How to parameterise a functions argument tuple in Typescript

Question

Using Typescript 1.4, say I have a higher-order function with the signature:

interface F<A,B> {
    (a: (...x:any[]) => A): (...x:any[]) => B
}

Function 'F' takes function 'a' which has a set of parameters 'x'. Function 'F' returns a new function which has exactly the same set of args as function 'a'.

I've been trying to find a way to express this in Typescript, but i'm coming up short. For example:

interface F<X extends Array<any>,A,B> {
    (a: (...x:X) => A): (...x:X) => B
}

the compiler just complains with: error TS2370: A rest parameter must be of an array type.

Although that doesn't feel right anyway, even if it did compile. I guess i'd really need something like:

interface F<X extends Tuple,A,B> {
    (a: (...x:X) => A): (...x:X) => B
}

Anyone know if this kind of thing is even possible with Typescript currently (1.4 at time of writing)? or any suggestions?

---

Example:

(NOTE: This is not my actual use-case, i'm only using logging here as a simple example - please don't focus on that aspect)

// a higher-order function that takes any function and
// returns a new function which takes the same args
// passing them to the original fn and logging the args along with the result

function f(a:(...x:any[]) => any): (...x:any[]) => void {
    return (...x:any[]) => {
        console.log('('+x.join(',')+') => ', a.apply(undefined, x));
    }
}

function a(j:string, k:number): boolean {
    return j === String(k);
}

var b = f(a);

b("1", 1);
b("a", 2);

console output:

(1,1) =>  true
(a,2) =>  false

So this works, but the derived function 'b' has the implied signature of:

(...x:any[]) => void

ideally i'd like it to have the same arguments as function 'a' ie:

(j: string, k: number) => void

I know I could explicitly define that, but it's very verbose and not at all ideal, kind of defeats the point of having the strong typing in the first place:

var b: (j:string, k:number) => void = f(a);

Answer 1

It's currently not possible to express this in the TypeScript type system. It's a long standing issue which you can follow on https://github.com/Microsoft/TypeScript/issues/212 and https://github.com/Microsoft/TypeScript/issues/5453

Answer 2

To wrap a function with another that has different return type, one hacky trick is possible with overloading:

function wrap<R>(fn0: ()=> any, p:(f,a)=>R): () => R;
function wrap<R,T>(fn1: (t:T)=> any, p:(f,a)=>R): (t:T) => R;
function wrap<R, T, U>(fn2: (t:T, u:U)=> any, p:(f,a)=>R): (t:T,u:U) => R;
function wrap<R, T, U, V>(fn3: (t:T, u:U, v:V)=> any, p:(f,a)=>R): (t:T,u:U, v:V) => R;
function wrap<R, T, U, V, X>(fn4: (t:T, u:U, v:V, x:X)=> any, p:(f,a)=>R): (t:T,u:U, v:V, x:X) => R;
// ...
function wrap<R>(fn: Function, proc:Function):Function {
	return (...args) => proc(fn, args);
}

// wrap is called with two functions fn and proc
// result is a function with argument types from fn and return type of proc 

function serialize(fn, args):string {
  return JSON.stringify(fn(...args))
}

function foo(a:number,b:string) {
  return true;
}

var wrapped = wrap(foo,serialize)
// type is (a:number,b:string) => string

Be careful, it will work only for functions with limited number of arguments.

Answer 3

Function 'F' takes function 'a' which has a set of parameters 'x'. Function 'F' returns a new function which has exactly the same set of args as function 'a'.

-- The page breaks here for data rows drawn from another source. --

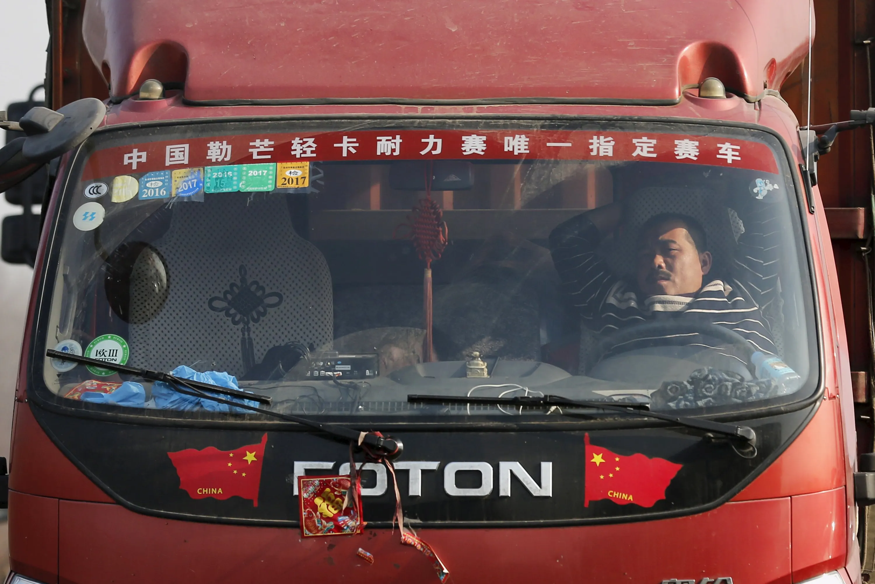 A man takes a nap in a truck as cars stop on Jinji Expressway located between Beijing and Tianjin, in a heavy traffic jam in Tianjin, China, March 2, 2016. (Photo by Kim Kyung-Hoon/Reuters)
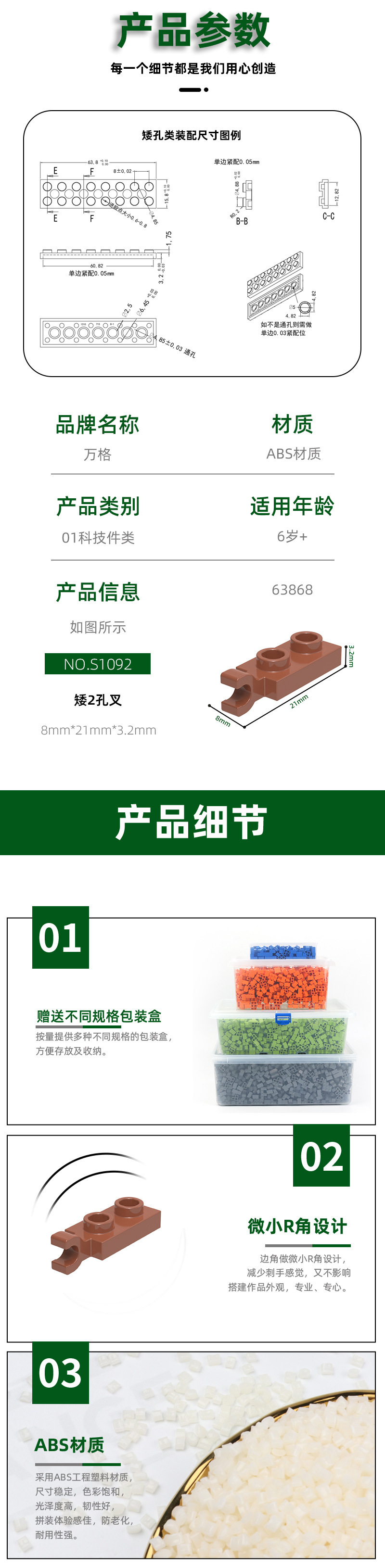 Wange diy 작은 입자 국내 빌딩 블록 63868 조립 부품 낮은 2 홀 포크 과학 및 교육 장난감 액세서리와 호환
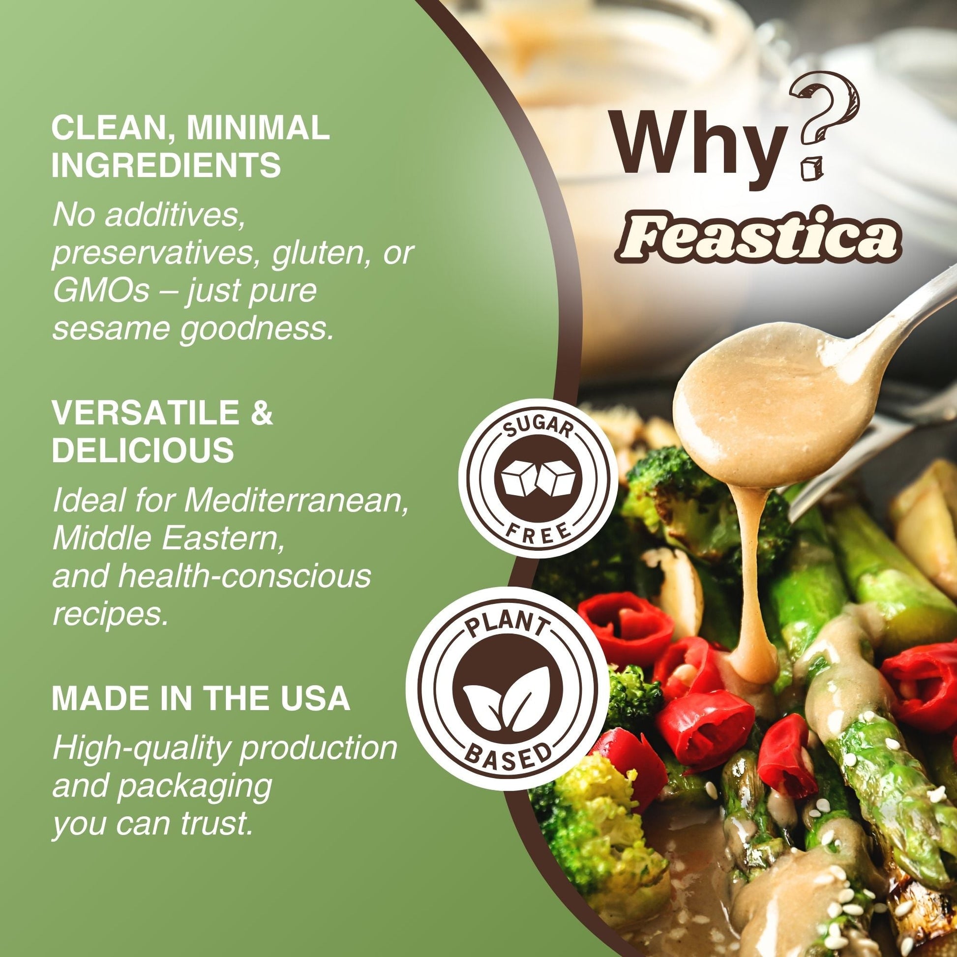 - Clean & Natural – No additives, no preservatives – just pure tahini.

The specification is a bit unclear, but based on my understanding of what you meant, Here is a sample

// Function 'F' takes function 'a' which has a set of parameters 'x'
// and returns a new function which has exactly the same set of args as function 'a'
function F<A extends Function>(a:A):A{
    return a;
}

var foo = F(function(a:number,b:number):void{});

foo (1,3); // okay 
foo(1); // ERROR

UPDATE

An example for your use case:

function f<A extends Function>(a:A):A {
    var newFunc = (...x:any[]) => {
        console.log('('+x.join(',')+') => ', a.apply(undefined, x));
        return null;
    }
    return <any>newFunc;
}

function a(j:string, k:number): boolean {
    return j === String(k);
}

var b = f(a);

b("1", 1);
b("a", 2);
b('123','123'); // ERROR

Note: We've capture both the arguments and the return type. I don't see a way to capture just the arguments.